We elicited HICs in 22 out of 70 patients with Parkinson's disease who underwent STN DBS surgery. HICs were identified on 24 sides with 54% on the left side and 46% on the right side. There was no significant difference in gender, age, disease duration, medication, motor, or non-motor symptoms before operation between patients with HIC or without HIC. Also, the motor improvements after DBS surgery were similar in the two groups, suggesting it was difficult to predict stimulation-induced hypomania across patients. We demonstrated that the depth of the maximum θ power determined using intraoperative recordings and the depth of the HICs selected during postoperative programming were strongly correlated. In addition, there was a weaker correlation between the depth of maximum α and β power recorded using intraoperative LFP recordings and the depth of the HICs. However, partial correlation confirmed that at least part of the predictive value of the depth of the maximum θ activity was independent of the depth of maximum α and β activity power. Conversely, partial correlation indicated that neither the depth of the maximum α nor the β activities were predictive of the HIC depth if the depth of the maximum θ power was considered. The correlation between θ oscillations and hypomania was further supported by our results that the sides with HICs had greater maximum θ power than those without HICs. Contrary to a previous report that demonstrated the lateralization of mood processing in the right STN (Eitan et al., 2013), our results showed that the HICs were equally distributed in both hemispheres.

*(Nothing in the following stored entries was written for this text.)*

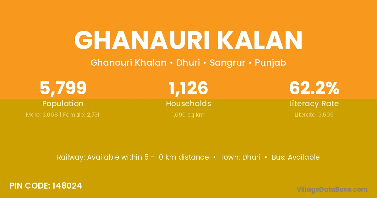 Ghanauri Kalan village has a total population of 5,799 people, of which 3,068 are males and 2,731 are females.
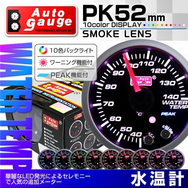 > オートゲージ 水温計 52mm ワーニング機能 ピーク機能 スイス製ステッピングモーター 10色点灯 スモークレンズ 追加メーター 計器 黒
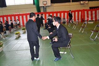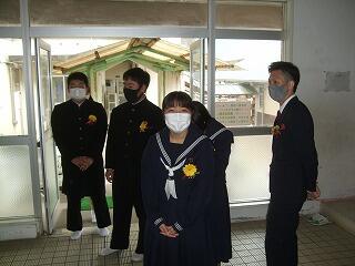 5名の卒業生が、この黒岩中学校を巣立っていきました。これからは、5人がそれぞれの進路に向かって進んでいきます。黒岩小中学校で学んだこと、思い出を大切にし、大いなる未来に向かって羽ばたいてほしいと思います。
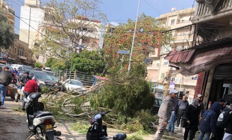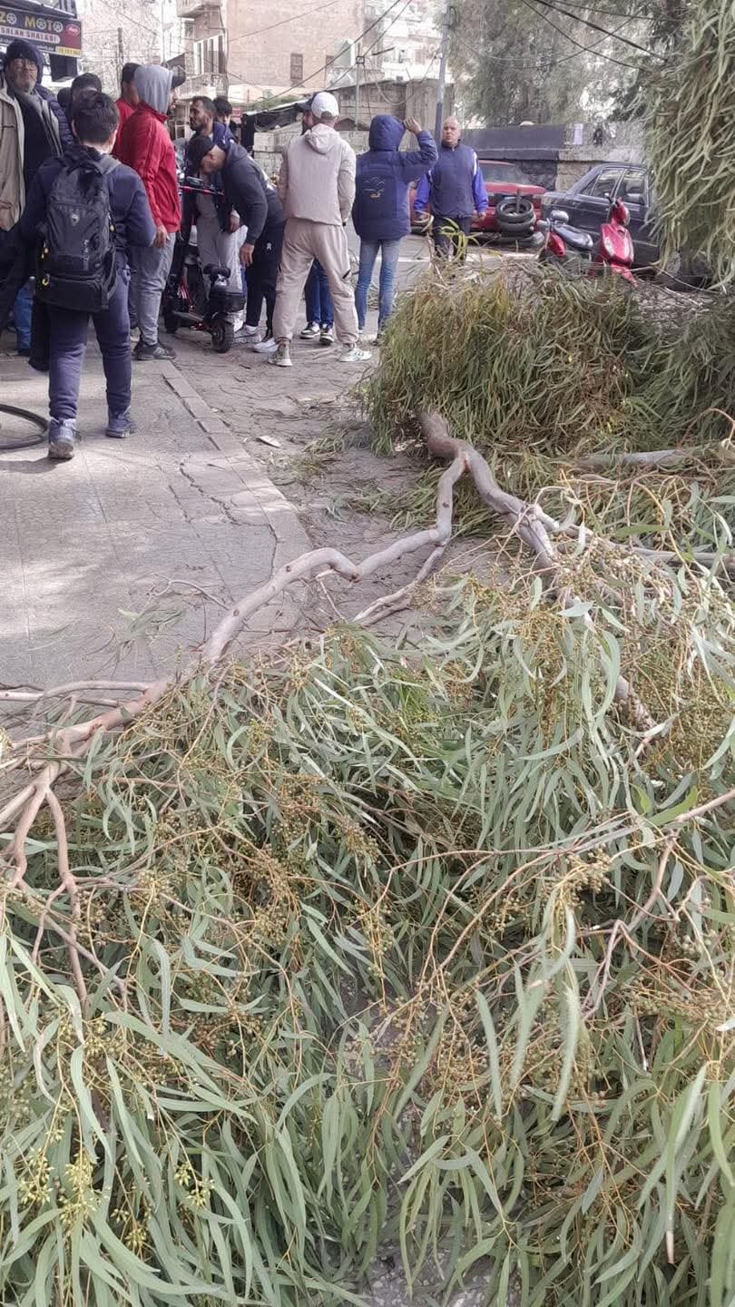 سقطت شجرة من داخل مدافن باب الرمل على الطريق المؤدي إلى أفران الشرق والبركة، نتيجة اشتداد سرعة الرياح، ما تسبب بإرباك مؤقت في حركة السير في المنطقة.
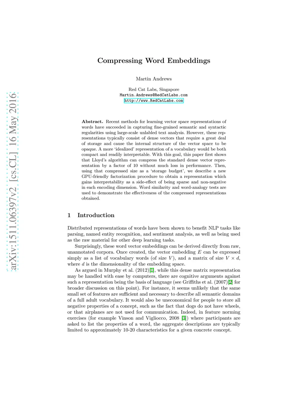 Compressing Word Embeddings
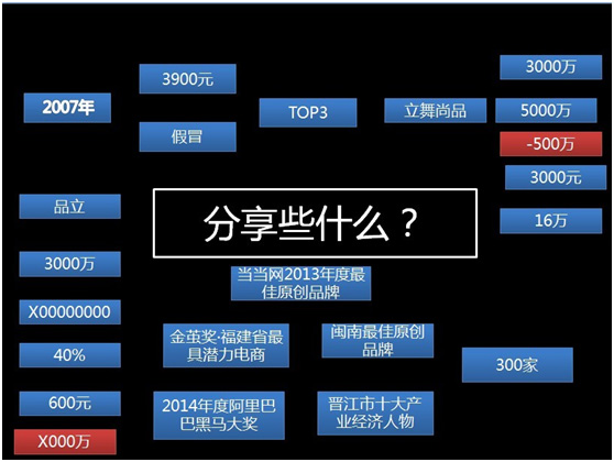 2014年度阿里巴巴黑馬獎(jiǎng)得主、晉江十大產(chǎn)業(yè)經(jīng)濟(jì)人物,最佳原創(chuàng)男裝潮品牌【品立】創(chuàng)始人,一個(gè)比女人還漂亮的男人,在分享他從傻B到騷B的磐涅過(guò)程( 創(chuàng)業(yè)7年,他用思維改變了商業(yè)模式,同時(shí)也被商業(yè)所改變。從通過(guò)線上平臺(tái)賣(mài)斷鞋賺取辛苦費(fèi),到自創(chuàng)男裝品牌,依靠打造爆款成為知名淘品牌;從慘烈競(jìng)爭(zhēng)虧損嚴(yán)重,到走調(diào)性,適時(shí)推出中高端品牌,發(fā)起新的電商突圍,并在短短半年取得了突出的成績(jī)。)!每個(gè)人成功的背后一定有他的故事,至少他的堅(jiān)韌與堅(jiān)持、頑強(qiáng)與執(zhí)著,敢想敢要敢突破就是他最好的特質(zhì)。
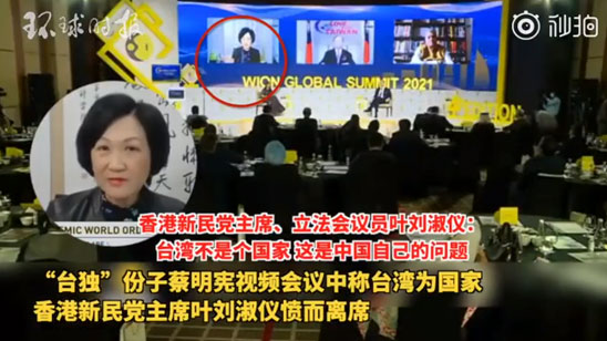 “台湾并非国家,而是中国的一个叛乱省!” 说完她愤然离席

Thus, the predictive value of maximum LFP power was driven by the θ band. This information may help refine targeting intraoperatively and the selection of stimulation contact during subsequent programming.

The Utility of Intraoperative Stepping LFP Recordings

Why should we utilize intraoperative recording of macroelectrode steps rather than record LFP after electrodes are implanted? First, the stepped electrode descent helps ensure that the electrode is centered at the correct depth. Second, the spatial localization of oscillatory activities recorded from fixed electrodes is more limited, given neuronal signals can only be sampled from three contact pairs that are 2 mm apart. During the stepping procedure, neuronal activities within the STN area are recorded in descending steps of 1 mm so that spatial resolution is higher and the ambiguity in signal attribution with fixed bipolar recordings is avoided. Consider, for example, if electrode contacts 0 and 1 flank the generator of oscillatory activities, then, minimal power will be registered in the fixed bipolar montage due to signal cancellation. By stepping the electrode down at 1 mm increments, a point will come when the lowermost contact, C0, sits in or near the generator while contact C1 is still above it, giving a large potential gradient. The ambiguity inherent in fixed bipolar contacts can be circumvented by monopolar recordings, but these are more likely to saturate and the depths that are available for analysis are currently limited to four. This later limitation may be circumvented by next-generation DBS electrodes with a larger number of contacts separated in depth by less than 2 mm.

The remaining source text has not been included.